Simone Santarelli

Personal information
- Date of birth: 7 September 1988 (age 36)
- Place of birth: Rome, Italy
- Height: 1.84 m (6 ft 1⁄2 in)
- Position(s): Goalkeeper

Youth career
- Lazio

Senior career*
- Years: Team / Apps / (Gls)
- 2007–2010: Lazio / 0 / (0)
- 2007–2008: → Gallipoli (loan) / 2 / (0)
- 2010–2011: Foggia / 20 / (0)

International career
- 2004–2005: Italy U-17 / 2 / (0)

= Simone Santarelli =

Italian footballer

Simone Santarelli (born 7 September 1988) is an Italian footballer who plays as a goalkeeper.

==Club career==
Born in Rome, Lazio, Santarelli is a supporter of S.S. Lazio and started his career in its youth teams.
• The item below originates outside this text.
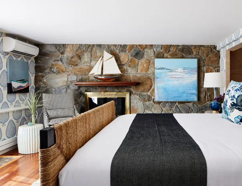 Historic Setting: The Cliffside Inn in Newport is housed in a historic building, offering a unique and charming atmosphere. Outdoor Spaces: Guests can enjoy a beautiful garden and terrace, perfect for relaxation. Free WiFi is available throughout the property. Comfortable Accommodations: Rooms feature air-conditioning, private bathrooms, fireplaces, and modern amenities, ensuring a comfortable stay. Convenient Location: Located 28 mi from T.F. Green Airport, the hotel is a short walk from Easton's Beach and close to attractions such as Rosecliff Mansion and The Breakers. Guest Services: The property offers an outdoor fireplace, wellness packages, concierge service, and menus for special diets. Free on-site private parking is available. This suite has air conditioning, fireplace, seating area and a private entrance from the outside.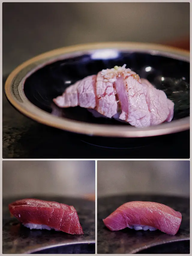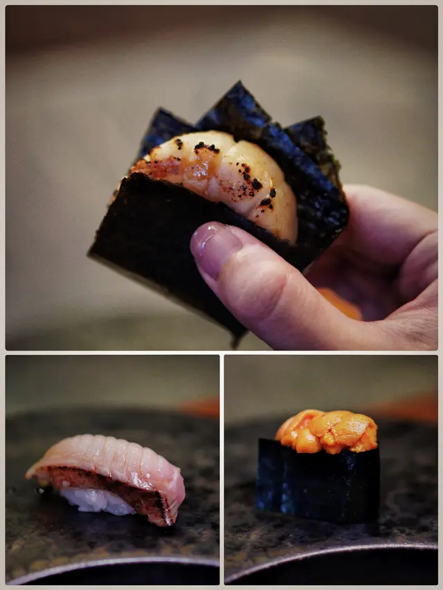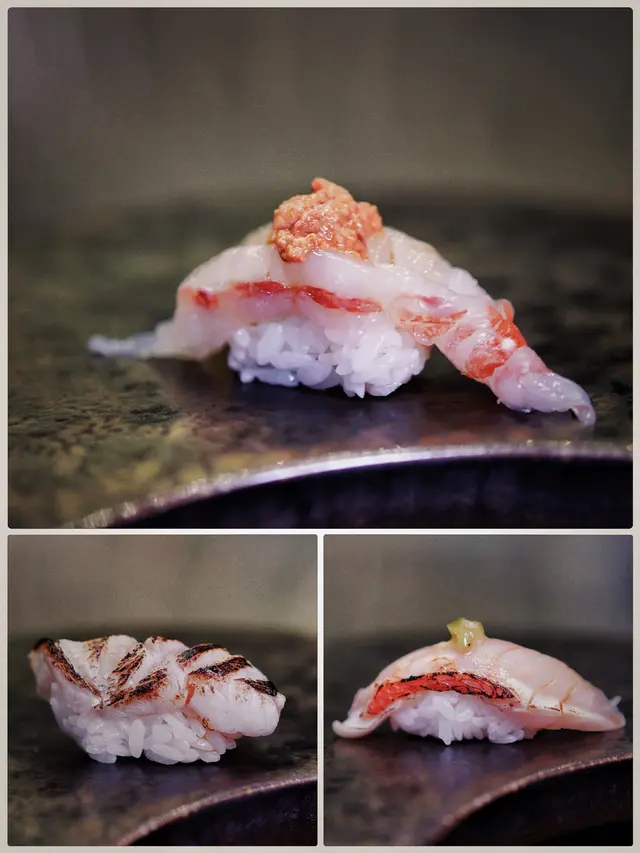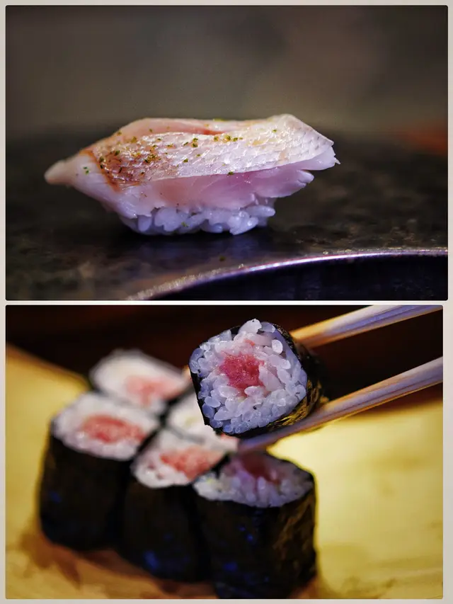 壽司方面,我們共嘗試了十款不同嘅壽司,分別係牡丹蝦、梭子魚、金目鯛、燒帶子、中拖、銀鱈魚、吞拿魚醬油漬、燒大拖,而最後嘅春子鯛和吞拿魚卷乃是檜嘅套餐先會有。每一件壽司都是由廚師即席製作,魚肉和飯的比例恰到好處,飯粒鬆軟而不散,魚肉鮮嫩而不腥。而其中最令我印象深刻的是牡丹蝦,蝦肉彈牙甜美,上面還有一層蝦膏,讓味道更濃郁;還有吞拿魚醬油漬,魚肉經過醬油浸泡,色澤深紅,入口即化,油香四溢。

In 2007–08 season he moved to Gallipoli along with Lucas Correa, Daniele Greco and Matteo Merini. He was the understudy of Generoso Rossi along with Joachim Spina. He played twice in Serie C1 and played a few matches in Coppa Italia Serie C. He returned to Lazio on 1 July 2008 and later frozen by the club. He unable to train along with the first team and the club demanded a high transfer fee. On 5 August 2010 he signed a 1+1 contract with Prima Divisione team Foggia. Half of the matches was played by Santarelli, shared with Mihail Ivanov.

==International career==
Santarelli became an emergency third keeper for the Italy Under-17 side at 2005 UEFA European Under-17 Football Championship. He replaced injured Paolo Tornaghi (himself replaced suspended Enrico Alfonso) to play for Bronze match, beaten the original third keeper Alberto Frison who also injured. He also selected to 2005 FIFA U-17 World Championship.